Classification vs regression difference in python

MlopsComparisonBeginner · 4 min read

Classification vs Regression in Python: Key Differences and Examples

In classification, the model predicts discrete labels or categories, while in regression, it predicts continuous numeric values. Both use different algorithms in sklearn and serve different problem types.

⚖️

Quick Comparison

Here is a quick side-by-side comparison of classification and regression tasks in machine learning.

Aspect	Classification	Regression
Output Type	Discrete labels (e.g., 'spam', 'not spam')	Continuous values (e.g., price, temperature)
Goal	Assign input to a category	Predict a numeric value
Common Algorithms	Logistic Regression, Decision Trees, SVM	Linear Regression, Decision Trees, SVR
Evaluation Metrics	Accuracy, Precision, Recall	Mean Squared Error, R² Score
Example Use Case	Email spam detection	House price prediction

⚖️

Key Differences

Classification predicts which category or class an input belongs to. For example, deciding if an email is spam or not is classification because the output is a label. The model learns patterns to separate data into distinct groups.

Regression predicts a continuous number. For example, estimating house prices based on features like size and location is regression because the output is a number that can take any value. The model learns to fit a curve or line to the data points.
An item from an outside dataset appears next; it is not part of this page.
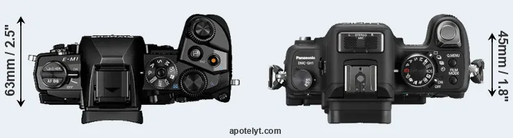 The side-by-side display below illustrates the physical size and weight of the Olympus E-M1 and the Panasonic GH1. The two cameras are presented according to their relative size. Three consecutive views from the front, the top, and the rear side are shown. All width, height and depth dimensions are rounded to the nearest millimeter.

In sklearn, classification and regression use different algorithms and metrics. Classification uses metrics like accuracy and precision to measure how well the model assigns correct labels. Regression uses metrics like mean squared error to measure how close the predicted numbers are to actual values.

⚖️

Code Comparison

Example of classification using sklearn to predict if a flower is Iris-setosa or not based on petal length.

python

from sklearn.datasets import load_iris
from sklearn.model_selection import train_test_split
from sklearn.linear_model import LogisticRegression
from sklearn.metrics import accuracy_score

# Load data
iris = load_iris()
X = iris.data[:, 2:]  # petal length and width
y = (iris.target == 0).astype(int)  # 1 if Iris-setosa else 0

# Split data
X_train, X_test, y_train, y_test = train_test_split(X, y, random_state=42)

# Train model
clf = LogisticRegression()
clf.fit(X_train, y_train)

# Predict
y_pred = clf.predict(X_test)

# Evaluate
accuracy = accuracy_score(y_test, y_pred)
print(f"Accuracy: {accuracy:.2f}")

Output

Accuracy: 1.00

↔️

Regression Equivalent

Example of regression using sklearn to predict the petal length of an Iris flower based on sepal length and width.

python

from sklearn.datasets import load_iris
from sklearn.model_selection import train_test_split
from sklearn.linear_model import LinearRegression
from sklearn.metrics import mean_squared_error

# Load data
iris = load_iris()
X = iris.data[:, :2]  # sepal length and width
y = iris.data[:, 2]   # petal length

# Split data
X_train, X_test, y_train, y_test = train_test_split(X, y, random_state=42)

# Train model
reg = LinearRegression()
reg.fit(X_train, y_train)

# Predict
y_pred = reg.predict(X_test)

# Evaluate
mse = mean_squared_error(y_test, y_pred)
print(f"Mean Squared Error: {mse:.2f}")

Output

Mean Squared Error: 0.04

🎯

When to Use Which

Choose classification when your goal is to assign inputs into categories or classes, such as detecting fraud, recognizing images, or filtering emails. Use regression when you need to predict continuous values like prices, temperatures, or sales amounts. The choice depends on whether your output is a label or a number.

✅

Key Takeaways

Classification predicts categories; regression predicts continuous numbers.

Use accuracy and precision to evaluate classification models.

Use mean squared error and R² score to evaluate regression models.

Choose classification for label prediction tasks and regression for numeric prediction tasks.

Both use different sklearn models suited to their output types.